Wow, Hadoop World has come to pass and as predicted, Spark was the main topic on everyone’s mind. Just to give you a hint on the various Spark topics
- Paxata announces their Adaptive Data Prediction product built atop Spark.
- ClearStory Data announces Collaborative Storyboards that is also built atop Spark.
- GraphLab announces their tool GraphLab Create 1.0 integrated with Spark, Avro and Hadoop.
- Platfora announces version 4 of their product, which as you guessed it, is built atop Spark
- Trifacta teams with Databricks to extend Trifacta’s Data Transformation Platform to Spark
- Cloudera announces major support for Spark
- Strata/Hadoop World announces Spark as a separate track in their future conferences.
Remember this is in all in addition to major support from hadoop vendors like Cloudera, Hortonworks, MapR, Pivotal & IBM.

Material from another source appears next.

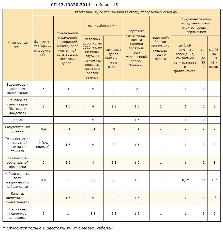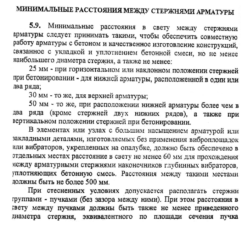 Расстояние в свету между стволами буровых, набивных свай и свай-оболочек, а также между скважинами свай-столбов должно быть не менее 1,0 м, а расстояние между буроинъекционными сваями в осях — не менее трех их диаметров; расстояние в свету между уширениями при устройстве их в твердых и полутвердых глинистых грунтах — 0,5 м, в других дисперсных грунтах — 1,0 м. Расстояние между наклонными или между наклонными и вертикальными сваями в уровне подошвы ростверка следует принимать исходя из конструктивных особенностей фундаментов и обеспечения их надежности заглубления в грунт, армирования и бетонирования ростверка.

But for all that being said about Spark and its sexiness, one thing was prevalent with regards to Spark – Its scalability issues. Lots of people I spoke to said the same; it hasn’t being proven in large-scale environments. Although there is a lot of work currently going on to prove that Spark is scalable, not the least the recent blog by Databricks – announcing their record terasort time for sorting a 100 TB (23 mins) and 1 PB (234 mins) – (Pretty sweet, if you ask me.), lots of folk are waiting to see scalable use cases from major companies. I see this as the chicken and egg problem where everyone is waiting for the other to go and jump into the platform first and face all the issues that come with it. This is where I think startups lead – they can jump ahead of the curve and provide the much needed verification and validation as well be quicker to market their insights and analysis. Great times ahead!!
Also as an update, Datameer has implemented Tez as their in-memory engine for now. Spark is also their horizon but given the same reasons as the community, they will wait.